▶ _TASK TO CARRY OUT_
Transcribe, starting at the line with "顧歷史，村民曾經覺得住茅草屋象徵貧窮落後而紛紛加以改建，30年前開始推動文化資產" and ending at the line with "Fig. 1. Arranjo", every line of the material below exactly, but leave out the pictures and anything outside that span.
====== THE DATA ======
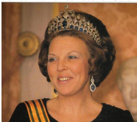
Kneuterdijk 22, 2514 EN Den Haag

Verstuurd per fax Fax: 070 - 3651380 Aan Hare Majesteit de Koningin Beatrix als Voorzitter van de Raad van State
======
====== THE DATA ======
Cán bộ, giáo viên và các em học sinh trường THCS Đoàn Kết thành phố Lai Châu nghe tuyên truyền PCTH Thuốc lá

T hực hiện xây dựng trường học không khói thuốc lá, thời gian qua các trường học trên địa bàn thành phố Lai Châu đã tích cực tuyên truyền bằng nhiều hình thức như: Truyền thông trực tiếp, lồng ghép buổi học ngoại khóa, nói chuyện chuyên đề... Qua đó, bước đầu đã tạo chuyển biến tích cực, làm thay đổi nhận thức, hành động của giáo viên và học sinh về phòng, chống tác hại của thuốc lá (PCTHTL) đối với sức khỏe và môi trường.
======
====== THE DATA ======
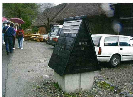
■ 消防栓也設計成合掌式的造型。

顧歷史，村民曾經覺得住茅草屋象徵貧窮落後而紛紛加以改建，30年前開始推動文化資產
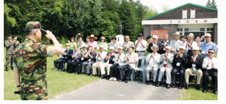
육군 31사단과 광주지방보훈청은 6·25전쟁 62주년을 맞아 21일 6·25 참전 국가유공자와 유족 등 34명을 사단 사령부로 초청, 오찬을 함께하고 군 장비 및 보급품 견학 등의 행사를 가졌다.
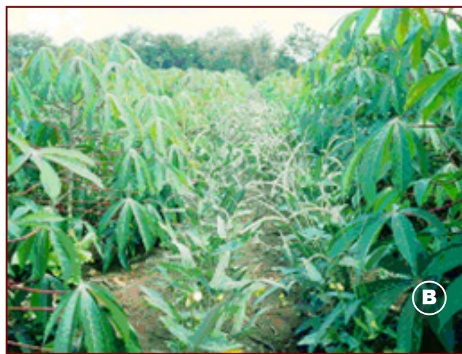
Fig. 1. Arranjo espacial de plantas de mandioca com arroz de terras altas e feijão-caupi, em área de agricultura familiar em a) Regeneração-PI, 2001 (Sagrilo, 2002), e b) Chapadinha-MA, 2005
======
▶ _SOLUTION_
顧歷史，村民曾經覺得住茅草屋象徵貧窮落後而紛紛加以改建，30年前開始推動文化資產
육군 31사단과 광주지방보훈청은 6·25전쟁 62주년을 맞아 21일 6·25 참전 국가유공자와 유족 등 34명을 사단 사령부로 초청, 오찬을 함께하고 군 장비 및 보급품 견학 등의 행사를 가졌다.
Fig. 1. Arranjo espacial de plantas de mandioca com arroz de terras altas e feijão-caupi, em área de agricultura familiar em a) Regeneração-PI, 2001 (Sagrilo, 2002), e b) Chapadinha-MA, 2005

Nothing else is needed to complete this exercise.